Anusuya Goswami

I am handling multiple high-visibility projects and closely working with CRAs and clinical team leads to identify inconsistencies, trends, protocol deviations, missing data, and safety concerns.

I have worked in various phases of studies during my tenure, from start-up, maintenance, and close-out.

Key responsibilities:

• User Acceptance Testing (UAT): Write and execute UAT scripts for study-specific and new platforms.
• Risk Reviews & Mitigation: Conduct ongoing reviews, recommend mitigation actions, and ensure issue resolution.
• Monitoring Adjustments: Suggest changes to monitoring intervention levels.
• Risk Assessment Meetings: Organize and lead study risk assessment meetings.
• Risk Reports Management: Upload monthly risk review reports to e-TMF, Veeva Vault, or central repositories.
• Quality and Study Risk Reports: Prepare and distribute reports during study conduct and close-out.
• Study Risk Assessment Support: Assist leads in detailed study risk assessment activities.
• Data Visualization & Informatics: Support platform development and design visualizations integrating study data (EDC, laboratory, etc.).
• Plan Development & Updates: Draft and update the Configuration Plan, Central Monitoring Plan, and other applicable plans based on evolving study risks.

• Responsible for completing the Event-Triggered Real-Time Review (ETRTR) for subject data across various systems. Duties include raising manual queries in EDC, creating findings, and protocol deviations wherever applicable. Additionally, customizing ETRTR checklists and collaborating with CRAs to maintain data accuracy. Ensure audit readiness by developing and maintaining study management plans and documentation.

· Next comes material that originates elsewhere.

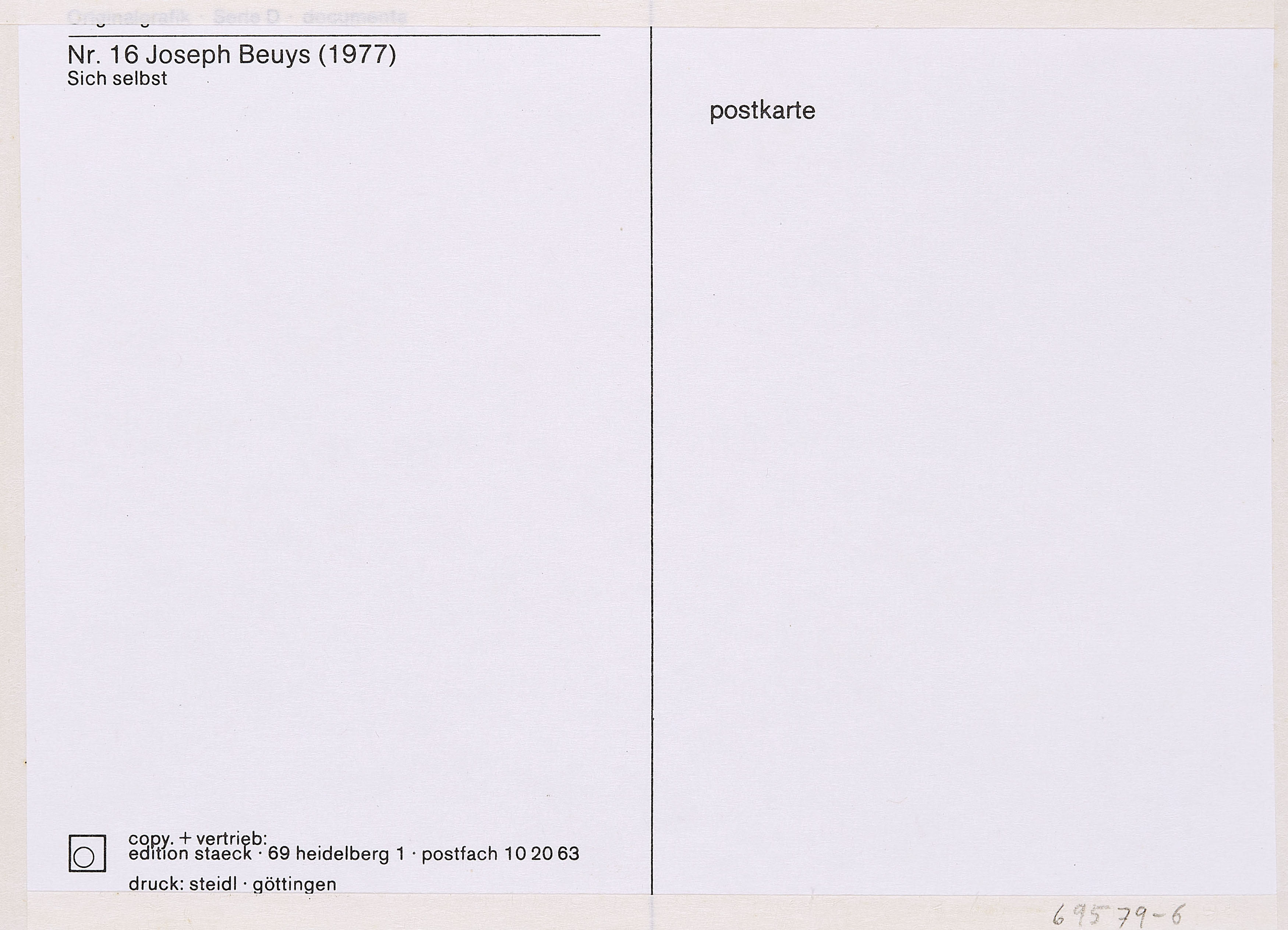 - Schellmann, Jörg (Hrsg.): Joseph Beuys - Die Multiples, Werkverzeichnis der Auflageobjekte und Druckgraphik, München 1992 (7. Auflg.), WVZ.-Nr. P44.

• Support project managers (PMs) and clinical team managers (CTMs) in creating study-specific documents, plans, trackers, checklists, and reports. Track documents and subject visits in CTMS, manage study team access to various portals (CTMS, EDC, Veeva, etc.), and coordinate eTMF/Project file setup. Perform file reviews, log outstanding issues, and submit documents to internal and central files. Draft and distribute meeting minutes, maintain task lists, and track study progress. Additionally, I was the SME of the team and have trained the new joiners for role-specific activities. I have also been an active participant in different events conducted across the company.